> _Task item_
From the entries provided below, copy each line that contains the word "Fuel".

*** Exercise data Section Begins ***

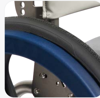
ERGONOMIC HAND RIM WITH THUMB GROOVE AND FINGER NOTCHES
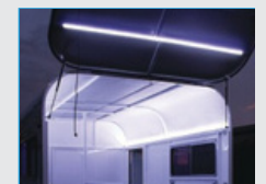
LED Internal Lighting

This model also comes standard with: 2x roof vents / Breakaway / 2 tack doors / swinging head divider between bays.
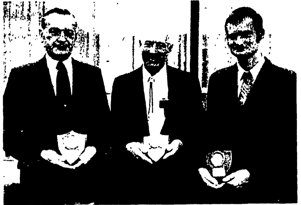
Three of Lancaster County's leading DHIA milk producers were photographed after the annual Red Rose DHIA banquet at the Farm and Home Center on Thursday afternoon.
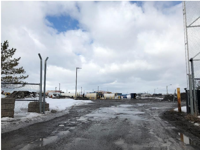
Photo 6 – Fuel ASTs located on the eastern portion of the City of Ottawa Maple Grove Depot.
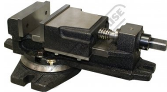
Shown without Handle
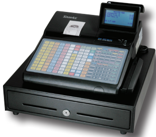
SPS-320 Flat, Spill-Resistant Keyboard; Receipt Printer
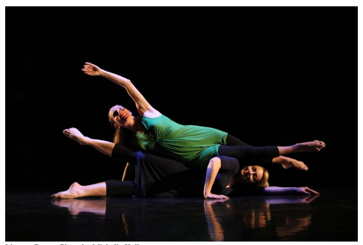
Lineage Dance.

and improvisors of Ensemble Shakespeare Theater for What You Will . Performed outdoors under the trees, the performances are described as a Shakespearean "un-play," actually a series of miniplays bringing the performers' individual and diverse backgrounds to reconsider and recontextualize the Bard of Avon's stories and words. Descanso Gardens, 1418 Descanso Drive, La Cañada Flintridge; Thurs.-Sat., Sept. 16-18, 5:30 pm, $20-25. More info and Covid protocols at Ensemble Shakespeare Theater. Tickets at Descanso Gardens
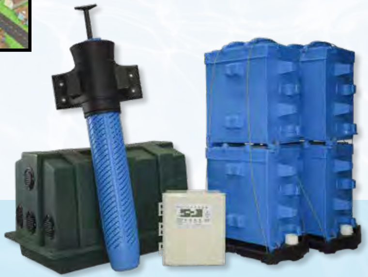
Pictured: HSMBR® membrane modules, control panel, blower housing, SaniTEE®
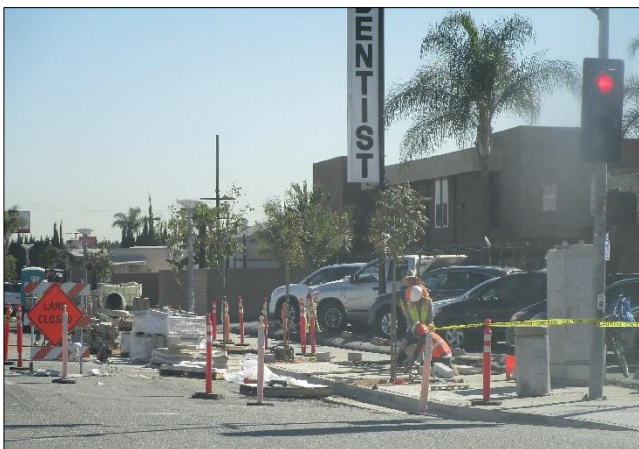
Forming Curb and Gutter on North Side of Carson
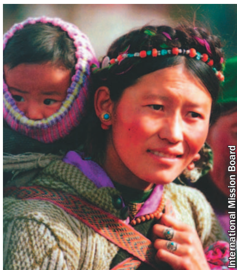
International Mission Board

Written records of Tibetan history have survived from the 7th century AD, but it
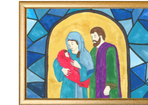
St. Cyril of Jerusalem in Encino, CA
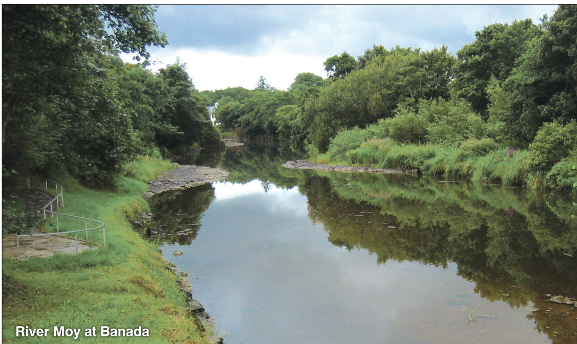
River Moy at Banada
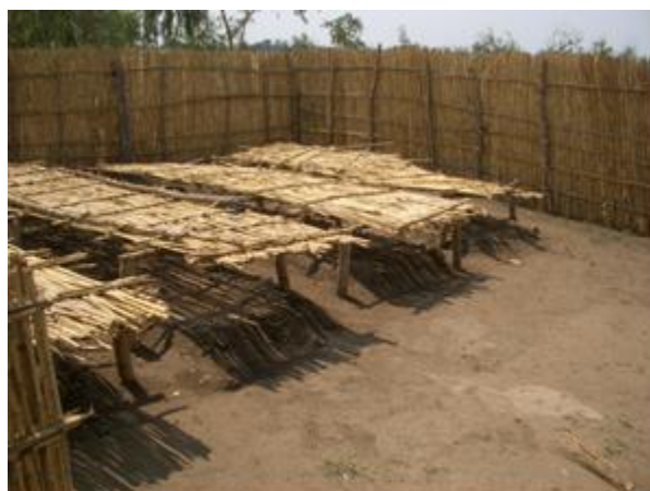
Figure 9: Nursery roof for seedling

After seeds are sown, dried grass should be placed on top of the raised beds or containers to avoid water loss and damage from watering. When the seeds have germinated, a shade “roof” should be constructed to protect the seedlings for a few weeks. The “roof” should be approximately 70 cm high. The roof should be removed to expose the seedlings to full sun in the weeks before transplanting.
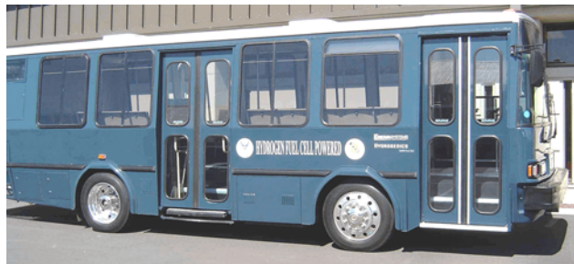
Figure 2. The Fuel Cell Bus at Hickam AFB

transit applications. This information will be fed back to DOE to refocus R&D activities as appropriate.
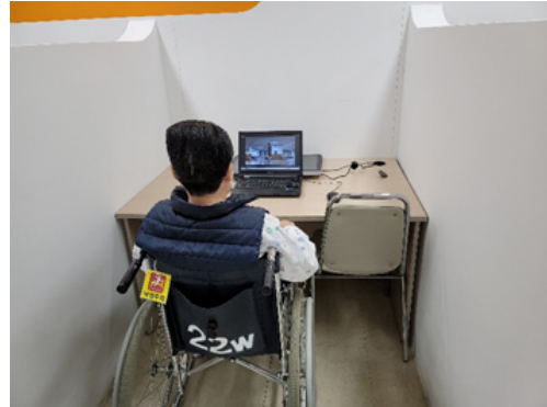
Fig. 2. Participant undergoing action observation training.

rehabilitative session by a physical therapist.
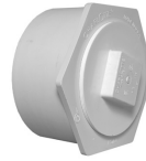
Part No. PVC 108X Flush Bushing (Cleanout Adapter) with Plug (SPG)
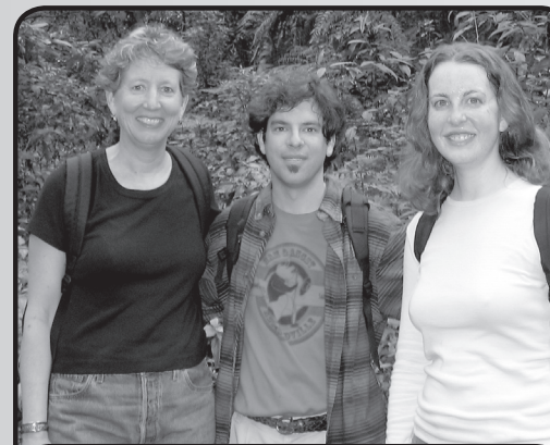
Faculty and advisers visit Field Botany of the Andes in Venezuela.
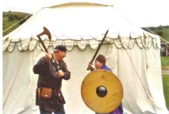
Viking diplomacy at work.

As a special treat this year's event will include the Vikings of Bjornstad who will give an insight to our Viking heritage with displays, memorabilia and their "Viking Art of War" presentation, a 15 to 20-minute demonstration of Viking age weapons and tactics. www.vikingsofbjornstad.com/
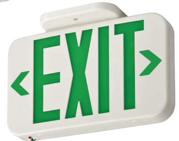
EXG LED EL
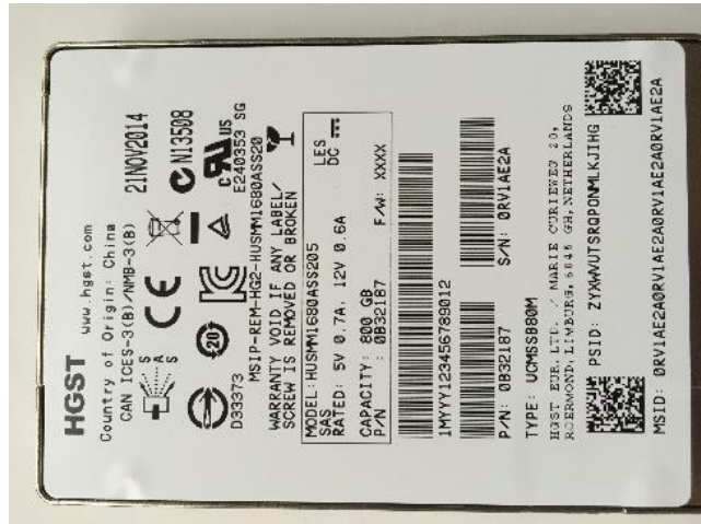
Figure 2 Large Tamper-Evident Label on Top Surface

The Cryptographic Module does not make claims in the Physical Security area beyond FIPS 140-2 Security Level 2.
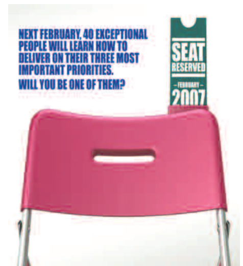
Whole Person Performance™

To make a positive difference in their organisations, leaders are required to consistently perform at their best - no mean feat in the complex chaotic and often uncertain world of business.
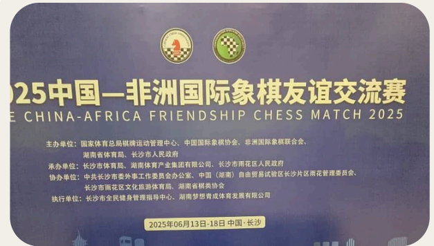
ORGANIZERS AND SPONSORS OF THE CHINA- AFRICA FRIENDSHIP CHESS MATCH
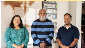
Southland Baptist Press

*** Exercise data Section Ends ***

> _Solution to this problem_
Photo 6 – Fuel ASTs located on the eastern portion of the City of Ottawa Maple Grove Depot.
Figure 2. The Fuel Cell Bus at Hickam AFB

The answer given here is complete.